# Nursing Blanket



## carp10192 (Jun 8, 2006)

Hi,

Was wondering if anyone had a favorite nursing blanket..or better yet pattern that they used? I would like to make one for #2.

Thanks


----------



## cjuniverse (Sep 22, 2005)

In the beginnng, I used a cute receiving blanket that I bought before Ryo was born (simple multi-colored pattern..yellow, green, blue).

I don't sew, but if I did, I would go to the fabric store and pick out something super bright and interesting (I'm an avent-garde, bohemian-style dresser). Like pink silk and add some yellow stars or something.

Then, just do it up similar to a prefold/receiving blanket.

Hope I was something like helpful.


----------



## hunnybumm (Nov 1, 2003)

I know I have seen a simple pattern for a nursing cover up (I'm assuming that's what your talking about?), someone has to have a link!

I would make sure to use a very thin fabric, with DS#1 I tried using one that had a bean bag weight on the back, to keep it in place. It worked fine, but he got so hot under there, he would sweat, this was in the middle of the winter! I only used it a couple times before I ditched it, he didn't like it anyways, he kept trying to pull it off!


----------



## carp10192 (Jun 8, 2006)

Hi,

Thank you for your replies. I am thinking about using cotton interlock and making a poncho type...as I will have a winter baby so was thinking that weight would be okay and it would be soft and comfy...I couldn't really find a pattern though so I was thinking about braving it on my own.

Wish me luck


----------



## cjuniverse (Sep 22, 2005)

Luck!


----------



## alegna (Jan 14, 2003)

I have never used a blanket to nurse and never missed it. No way dd would have ever put up with being covered up.

-Angela


----------



## kyndmamaof4 (Jul 25, 2006)

What is a nursing blanket?







Am I supposed to be covering up?







Just kidding,







: I think that there is a nice one in Target, It has a mesh top, for seeing baby, getting latched, etc. So I think that if your gonna make one, a combo of the bean bag on the back, and a mesh window would be nice, and mabye even make a cute animal for the beanbag (think beanie baby) to hold it on your shoulder...Just getting the wheels turning, but if I can think of more, I'll post them too. HTH, Kaara


----------



## kyndmamaof4 (Jul 25, 2006)

Quote:


Originally Posted by *cjuniverse*
I would go to the fabric store and pick out something super bright and interesting (I'm an avent-garde, bohemian-style dresser).

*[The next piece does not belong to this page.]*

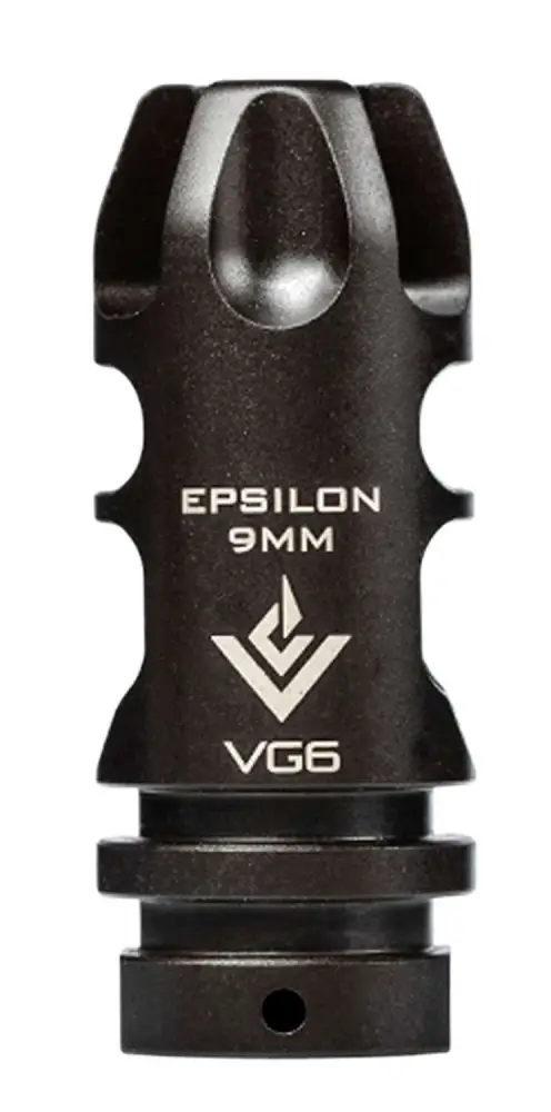 The VG6 EPSILON 9mm sets a new standard when it comes to recoil management by virtually eliminating any muzzle movement. This combination muzzle brake/compensator/flash hider is matched only by the amazing look of this device. Three extended flash hiding prongs help minimize muzzle flash providing the operator an uninhibited view through optics or sights while porting design has been optimized for the pressures of 9mm. We have created a muzzle device that produces very soft, low-energy recoil that allows for quick, precise follow-up shots.

Ha! Me too, (and my kids)I think it makes life so much more interesting. You should see the nursing necklace I made, Super Bright, Super Interesting, baby LOVES it. My sling too, butterfly rainbow batik







I must look like I got thrown up on by a tie dye t-shirt







But I like it...


----------



## Isaacs_mom (Jul 19, 2006)

I used the Nuzzle nursing cover I got it from brus and it is cream and breathable it also has a weight on one corner to help it stay on ... i tried a different before this and i like this one better it looks more like a blanket and is easy to carry around


----------